What you will do: Starting with the first line of the material, reproduce exactly each line up to and including the one that contains "This portable air", leaving out every picture.

Data listing:
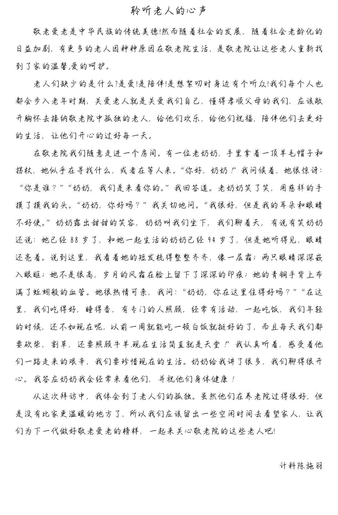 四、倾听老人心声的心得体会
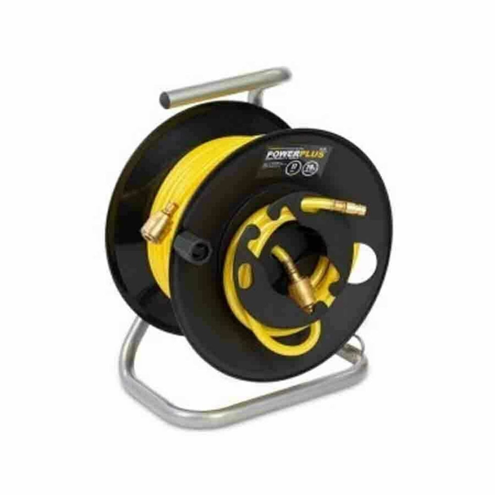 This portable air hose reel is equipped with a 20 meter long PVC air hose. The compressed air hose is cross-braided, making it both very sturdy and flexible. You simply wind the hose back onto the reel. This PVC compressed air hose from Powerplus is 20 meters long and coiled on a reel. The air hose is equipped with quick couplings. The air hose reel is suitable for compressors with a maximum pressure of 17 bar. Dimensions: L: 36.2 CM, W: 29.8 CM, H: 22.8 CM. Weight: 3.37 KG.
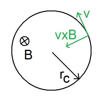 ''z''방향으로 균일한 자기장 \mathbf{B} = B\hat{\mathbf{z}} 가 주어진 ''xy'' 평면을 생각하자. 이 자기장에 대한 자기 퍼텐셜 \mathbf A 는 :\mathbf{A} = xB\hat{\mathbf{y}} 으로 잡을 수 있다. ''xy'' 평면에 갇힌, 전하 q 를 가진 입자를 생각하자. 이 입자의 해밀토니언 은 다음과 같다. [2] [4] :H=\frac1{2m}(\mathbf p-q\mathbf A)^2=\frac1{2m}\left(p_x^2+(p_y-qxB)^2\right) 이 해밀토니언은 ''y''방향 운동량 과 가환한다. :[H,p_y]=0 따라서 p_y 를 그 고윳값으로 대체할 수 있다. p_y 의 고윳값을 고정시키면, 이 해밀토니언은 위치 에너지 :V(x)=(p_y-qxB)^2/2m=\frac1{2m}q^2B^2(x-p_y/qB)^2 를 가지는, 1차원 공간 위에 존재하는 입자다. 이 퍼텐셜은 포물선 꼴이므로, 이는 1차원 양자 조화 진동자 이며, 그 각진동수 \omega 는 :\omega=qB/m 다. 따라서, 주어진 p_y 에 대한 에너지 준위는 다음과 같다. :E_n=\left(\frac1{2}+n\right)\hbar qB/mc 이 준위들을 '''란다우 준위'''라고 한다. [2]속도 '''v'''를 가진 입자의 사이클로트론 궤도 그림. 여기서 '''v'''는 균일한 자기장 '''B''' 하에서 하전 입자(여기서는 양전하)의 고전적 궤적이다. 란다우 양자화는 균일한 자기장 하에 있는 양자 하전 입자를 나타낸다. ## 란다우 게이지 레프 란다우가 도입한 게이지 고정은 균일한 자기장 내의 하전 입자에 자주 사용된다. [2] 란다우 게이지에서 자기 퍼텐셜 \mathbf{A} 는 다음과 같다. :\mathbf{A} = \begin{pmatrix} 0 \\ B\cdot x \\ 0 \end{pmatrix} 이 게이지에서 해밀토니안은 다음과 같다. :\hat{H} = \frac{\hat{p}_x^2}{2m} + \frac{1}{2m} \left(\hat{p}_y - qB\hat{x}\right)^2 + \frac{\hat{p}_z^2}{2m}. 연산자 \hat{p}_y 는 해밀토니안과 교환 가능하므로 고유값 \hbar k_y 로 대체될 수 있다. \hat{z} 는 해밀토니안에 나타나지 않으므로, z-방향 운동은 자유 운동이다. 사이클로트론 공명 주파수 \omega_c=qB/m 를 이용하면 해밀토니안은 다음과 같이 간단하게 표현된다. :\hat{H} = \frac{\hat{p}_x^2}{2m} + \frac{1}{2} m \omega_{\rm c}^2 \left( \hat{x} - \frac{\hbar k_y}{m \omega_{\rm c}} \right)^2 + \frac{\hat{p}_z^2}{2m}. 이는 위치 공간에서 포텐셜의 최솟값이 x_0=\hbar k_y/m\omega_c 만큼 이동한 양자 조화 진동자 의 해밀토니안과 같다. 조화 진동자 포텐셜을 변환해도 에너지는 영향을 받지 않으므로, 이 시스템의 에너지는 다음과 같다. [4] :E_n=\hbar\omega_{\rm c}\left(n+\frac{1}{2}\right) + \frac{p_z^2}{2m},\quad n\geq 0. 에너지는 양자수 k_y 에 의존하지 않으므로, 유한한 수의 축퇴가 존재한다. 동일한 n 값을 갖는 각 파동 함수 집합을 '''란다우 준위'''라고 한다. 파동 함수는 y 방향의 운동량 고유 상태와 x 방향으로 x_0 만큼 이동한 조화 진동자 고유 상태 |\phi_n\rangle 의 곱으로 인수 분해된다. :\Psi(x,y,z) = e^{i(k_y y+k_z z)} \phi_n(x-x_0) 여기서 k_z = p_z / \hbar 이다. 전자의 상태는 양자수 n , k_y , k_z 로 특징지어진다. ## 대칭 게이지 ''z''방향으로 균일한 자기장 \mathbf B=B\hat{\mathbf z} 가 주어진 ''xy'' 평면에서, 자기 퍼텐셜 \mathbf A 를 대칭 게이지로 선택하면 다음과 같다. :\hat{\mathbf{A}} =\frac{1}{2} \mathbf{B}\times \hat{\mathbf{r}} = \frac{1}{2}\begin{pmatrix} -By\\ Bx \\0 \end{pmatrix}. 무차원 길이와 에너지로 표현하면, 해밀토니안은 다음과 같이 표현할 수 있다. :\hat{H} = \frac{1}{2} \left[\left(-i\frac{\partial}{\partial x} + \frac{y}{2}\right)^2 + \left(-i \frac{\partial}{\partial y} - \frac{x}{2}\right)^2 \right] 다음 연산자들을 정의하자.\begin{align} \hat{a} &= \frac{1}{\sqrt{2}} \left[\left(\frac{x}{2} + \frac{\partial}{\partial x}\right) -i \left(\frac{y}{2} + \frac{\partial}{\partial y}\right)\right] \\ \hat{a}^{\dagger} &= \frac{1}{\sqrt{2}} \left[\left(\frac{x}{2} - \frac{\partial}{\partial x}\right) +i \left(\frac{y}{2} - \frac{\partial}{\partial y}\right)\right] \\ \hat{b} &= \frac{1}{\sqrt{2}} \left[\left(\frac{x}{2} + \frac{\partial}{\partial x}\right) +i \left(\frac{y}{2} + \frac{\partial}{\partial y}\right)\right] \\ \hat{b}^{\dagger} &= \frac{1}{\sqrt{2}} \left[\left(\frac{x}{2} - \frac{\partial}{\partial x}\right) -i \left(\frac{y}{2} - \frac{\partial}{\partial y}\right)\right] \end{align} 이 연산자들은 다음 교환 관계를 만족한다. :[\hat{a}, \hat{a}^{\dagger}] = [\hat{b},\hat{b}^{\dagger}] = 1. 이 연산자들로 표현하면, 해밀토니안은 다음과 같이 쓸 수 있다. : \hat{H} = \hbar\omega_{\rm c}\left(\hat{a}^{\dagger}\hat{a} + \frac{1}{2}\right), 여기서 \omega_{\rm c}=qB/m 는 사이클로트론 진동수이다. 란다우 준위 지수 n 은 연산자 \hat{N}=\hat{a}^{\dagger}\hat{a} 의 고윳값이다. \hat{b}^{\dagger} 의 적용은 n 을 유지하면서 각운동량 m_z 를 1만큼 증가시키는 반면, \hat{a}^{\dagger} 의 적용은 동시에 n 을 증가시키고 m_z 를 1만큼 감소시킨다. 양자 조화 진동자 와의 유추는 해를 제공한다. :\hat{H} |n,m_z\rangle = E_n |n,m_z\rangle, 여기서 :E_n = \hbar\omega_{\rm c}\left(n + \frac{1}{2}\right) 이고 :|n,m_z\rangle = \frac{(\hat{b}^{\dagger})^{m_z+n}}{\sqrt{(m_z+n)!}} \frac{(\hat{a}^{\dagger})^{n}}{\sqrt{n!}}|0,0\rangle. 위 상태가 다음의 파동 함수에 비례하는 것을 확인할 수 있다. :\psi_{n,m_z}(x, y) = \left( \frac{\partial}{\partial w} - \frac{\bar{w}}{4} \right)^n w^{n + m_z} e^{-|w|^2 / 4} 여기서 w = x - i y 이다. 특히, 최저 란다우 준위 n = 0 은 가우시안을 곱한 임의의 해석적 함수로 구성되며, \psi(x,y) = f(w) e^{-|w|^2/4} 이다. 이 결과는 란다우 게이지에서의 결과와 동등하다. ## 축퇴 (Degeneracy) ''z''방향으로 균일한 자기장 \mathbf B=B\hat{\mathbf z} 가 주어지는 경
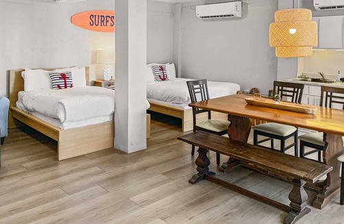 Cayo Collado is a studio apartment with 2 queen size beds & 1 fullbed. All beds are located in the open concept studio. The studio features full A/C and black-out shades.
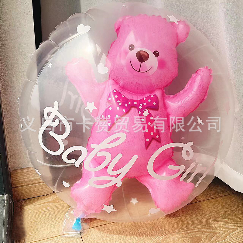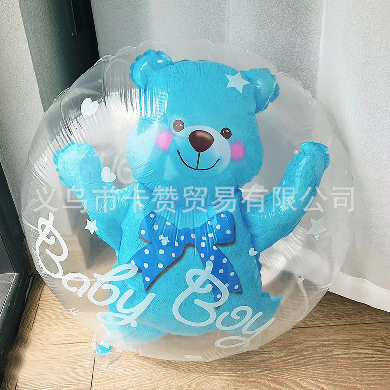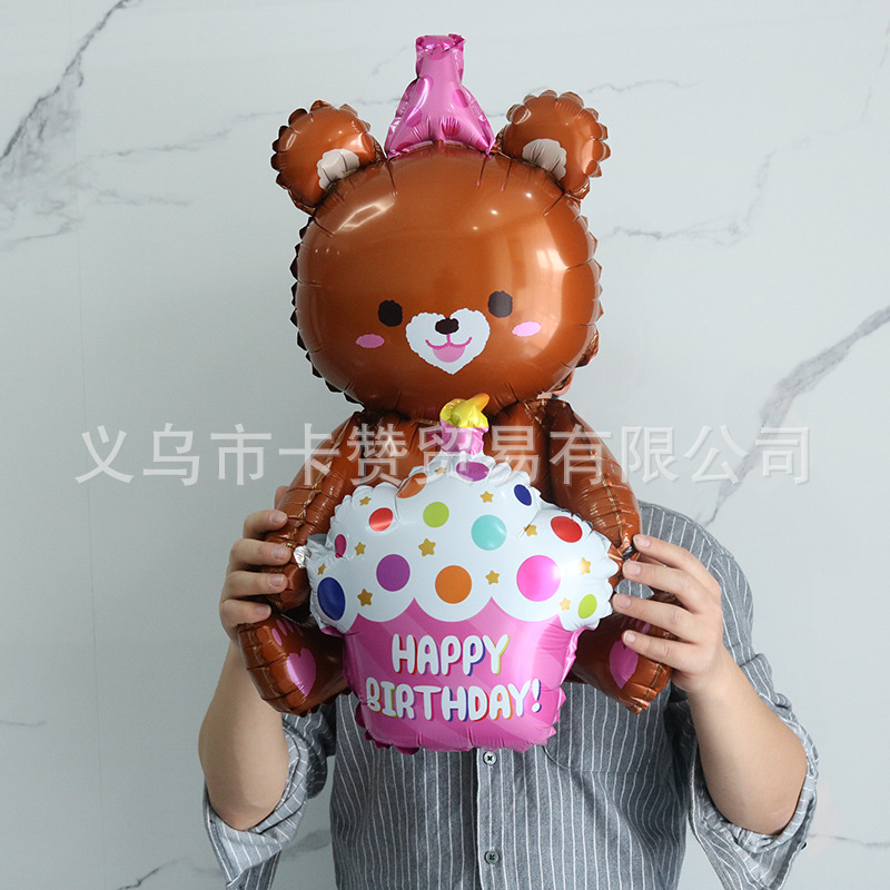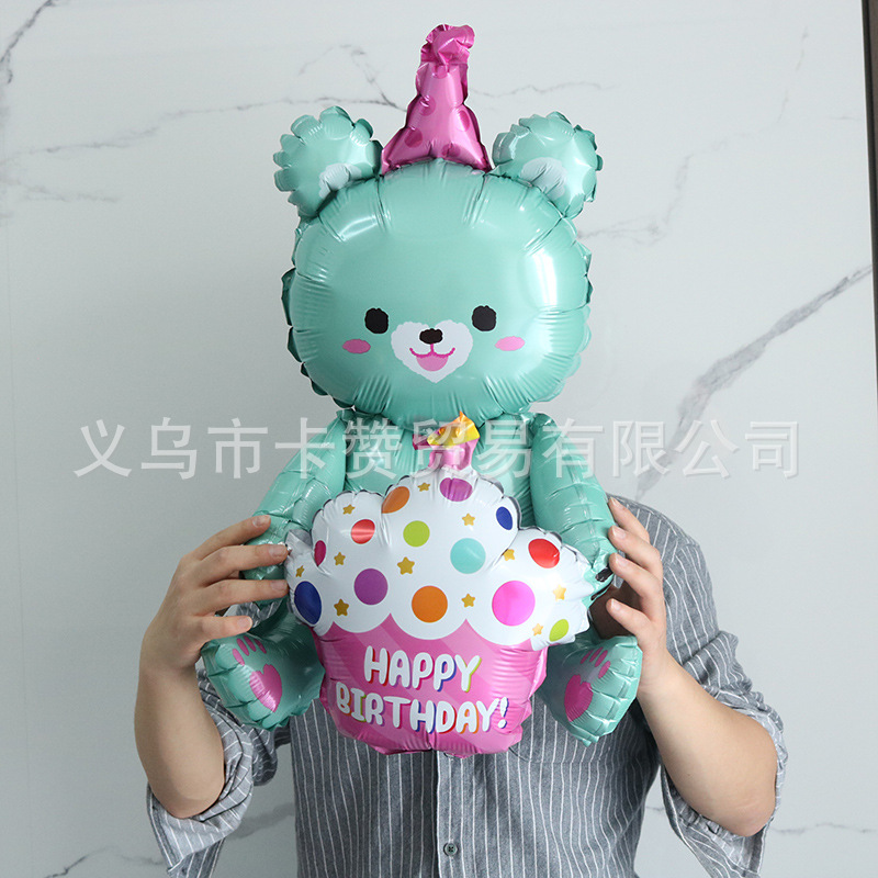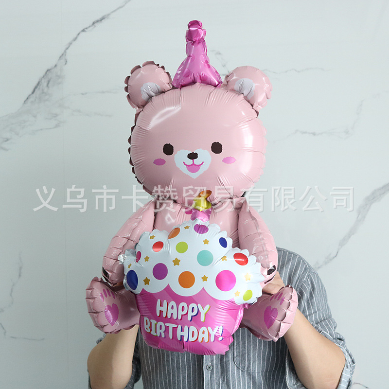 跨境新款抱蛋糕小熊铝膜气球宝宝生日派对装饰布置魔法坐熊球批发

Exercise result:
 四、倾听老人心声的心得体会
 This portable air hose reel is equipped with a 20 meter long PVC air hose. The compressed air hose is cross-braided, making it both very sturdy and flexible. You simply wind the hose back onto the reel. This PVC compressed air hose from Powerplus is 20 meters long and coiled on a reel. The air hose is equipped with quick couplings. The air hose reel is suitable for compressors with a maximum pressure of 17 bar. Dimensions: L: 36.2 CM, W: 29.8 CM, H: 22.8 CM. Weight: 3.37 KG.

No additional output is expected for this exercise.